(Work instruction)
Print the records below exactly, starting at the first line and stopping after the line that contains "As seen in our". Leave out any pictures.

(Records for this task)
####
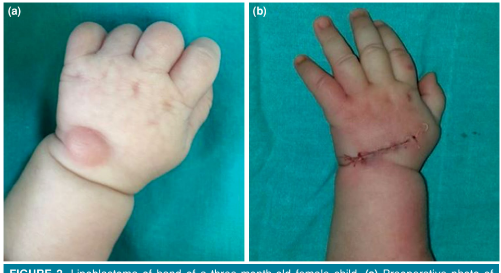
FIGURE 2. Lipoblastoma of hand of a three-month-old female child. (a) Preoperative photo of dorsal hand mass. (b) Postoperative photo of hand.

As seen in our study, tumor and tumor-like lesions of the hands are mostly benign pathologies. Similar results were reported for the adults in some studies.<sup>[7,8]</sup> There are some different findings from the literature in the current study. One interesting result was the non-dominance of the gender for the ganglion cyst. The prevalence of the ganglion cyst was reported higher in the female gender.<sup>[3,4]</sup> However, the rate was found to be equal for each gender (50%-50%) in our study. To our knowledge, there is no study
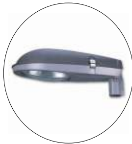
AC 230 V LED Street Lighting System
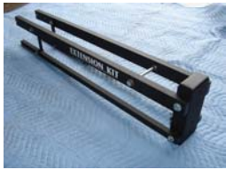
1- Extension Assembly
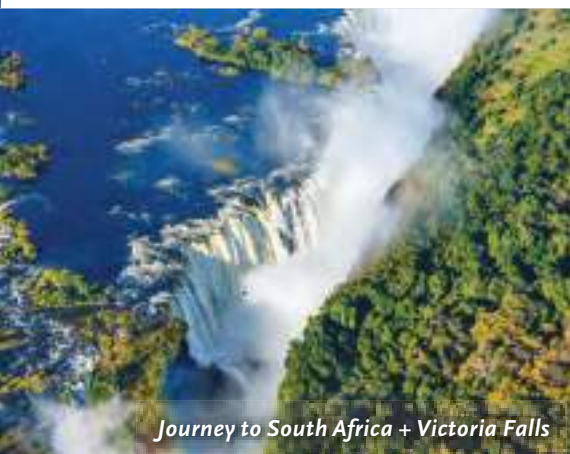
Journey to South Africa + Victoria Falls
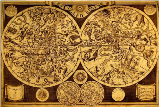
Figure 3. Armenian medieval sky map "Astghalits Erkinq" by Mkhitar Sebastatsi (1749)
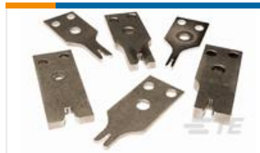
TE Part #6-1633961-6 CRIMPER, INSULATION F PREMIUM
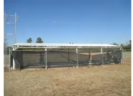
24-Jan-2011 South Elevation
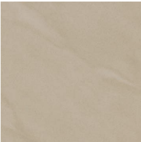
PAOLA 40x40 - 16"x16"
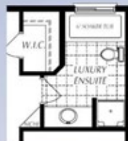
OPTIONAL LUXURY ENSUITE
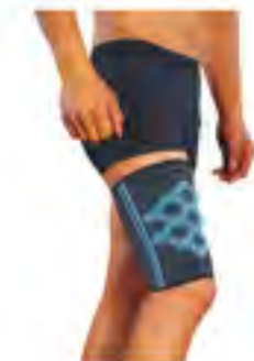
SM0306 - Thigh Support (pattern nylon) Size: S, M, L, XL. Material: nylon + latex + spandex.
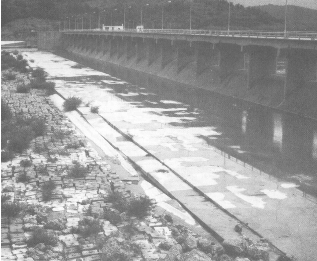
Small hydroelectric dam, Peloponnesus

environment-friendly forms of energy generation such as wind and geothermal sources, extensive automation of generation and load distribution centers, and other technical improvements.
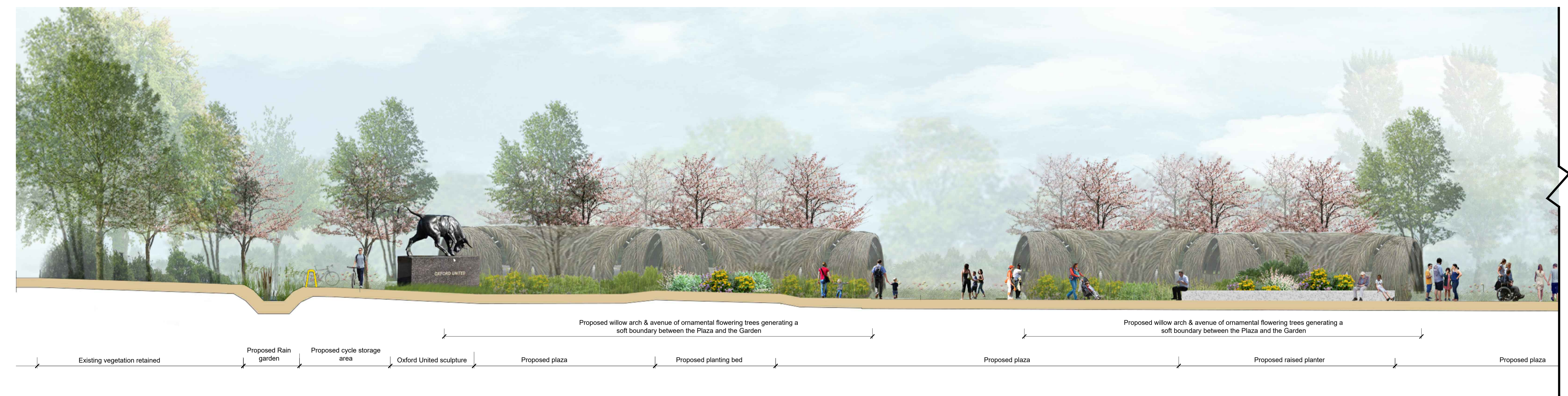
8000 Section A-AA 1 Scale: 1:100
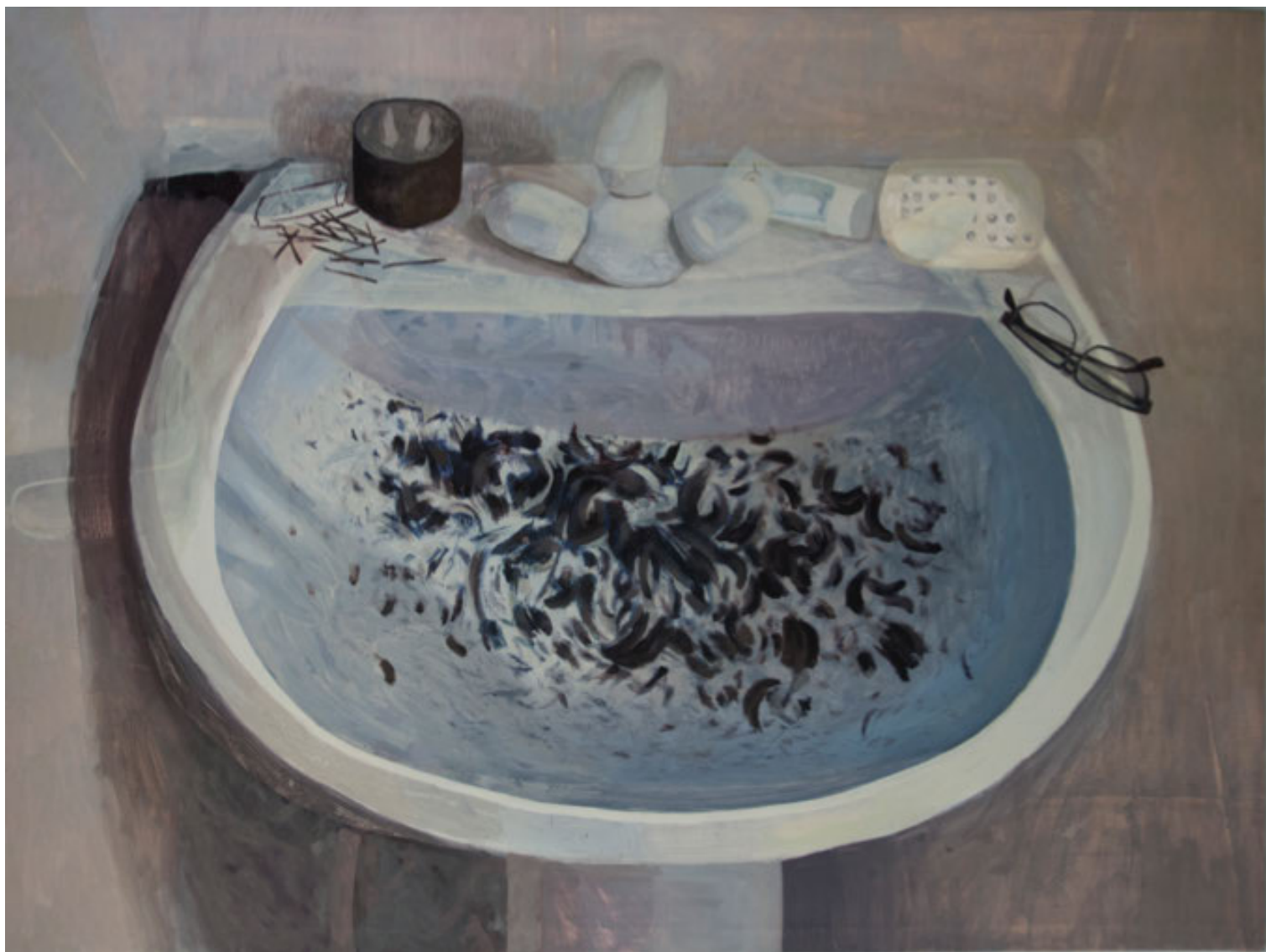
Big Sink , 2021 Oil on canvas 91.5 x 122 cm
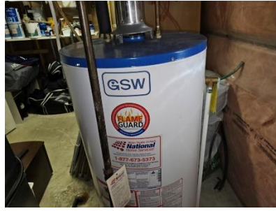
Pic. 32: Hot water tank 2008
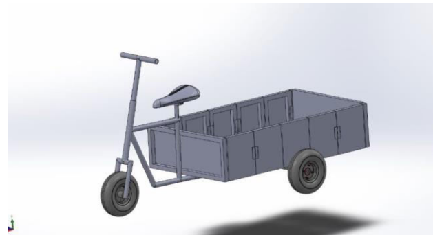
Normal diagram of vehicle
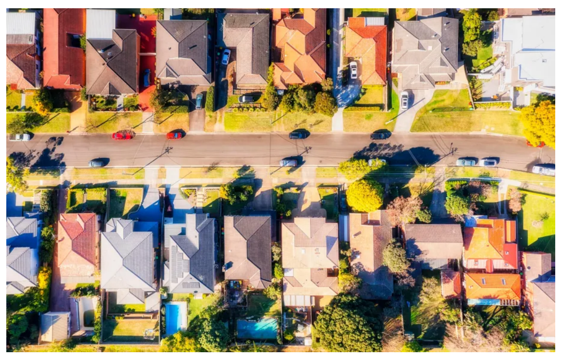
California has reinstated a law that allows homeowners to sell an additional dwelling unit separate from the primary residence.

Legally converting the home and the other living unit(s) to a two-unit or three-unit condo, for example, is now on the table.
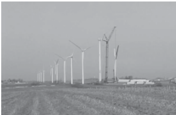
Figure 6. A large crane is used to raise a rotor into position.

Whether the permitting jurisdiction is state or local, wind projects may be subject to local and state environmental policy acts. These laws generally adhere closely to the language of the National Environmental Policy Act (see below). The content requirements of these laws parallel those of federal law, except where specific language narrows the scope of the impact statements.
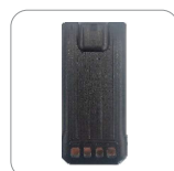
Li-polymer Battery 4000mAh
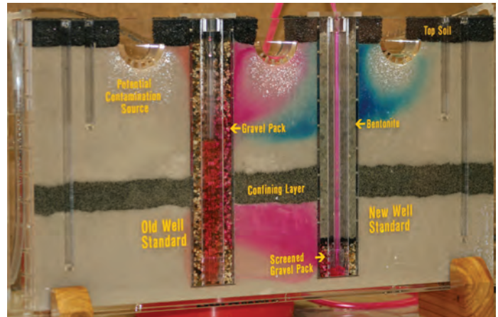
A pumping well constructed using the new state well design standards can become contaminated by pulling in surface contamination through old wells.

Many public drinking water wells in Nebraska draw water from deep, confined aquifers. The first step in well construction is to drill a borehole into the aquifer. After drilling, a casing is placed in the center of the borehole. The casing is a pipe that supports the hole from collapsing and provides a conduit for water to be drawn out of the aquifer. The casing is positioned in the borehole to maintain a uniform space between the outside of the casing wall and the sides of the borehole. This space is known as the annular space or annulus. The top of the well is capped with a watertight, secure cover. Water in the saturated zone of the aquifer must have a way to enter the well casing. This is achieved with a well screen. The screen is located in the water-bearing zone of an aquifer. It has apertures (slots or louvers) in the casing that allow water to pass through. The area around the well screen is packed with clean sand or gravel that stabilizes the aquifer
####
(Solution to the problem)
FIGURE 2. Lipoblastoma of hand of a three-month-old female child. (a) Preoperative photo of dorsal hand mass. (b) Postoperative photo of hand.

As seen in our study, tumor and tumor-like lesions of the hands are mostly benign pathologies. Similar results were reported for the adults in some studies.<sup>[7,8]</sup> There are some different findings from the literature in the current study. One interesting result was the non-dominance of the gender for the ganglion cyst. The prevalence of the ganglion cyst was reported higher in the female gender.<sup>[3,4]</sup> However, the rate was found to be equal for each gender (50%-50%) in our study. To our knowledge, there is no study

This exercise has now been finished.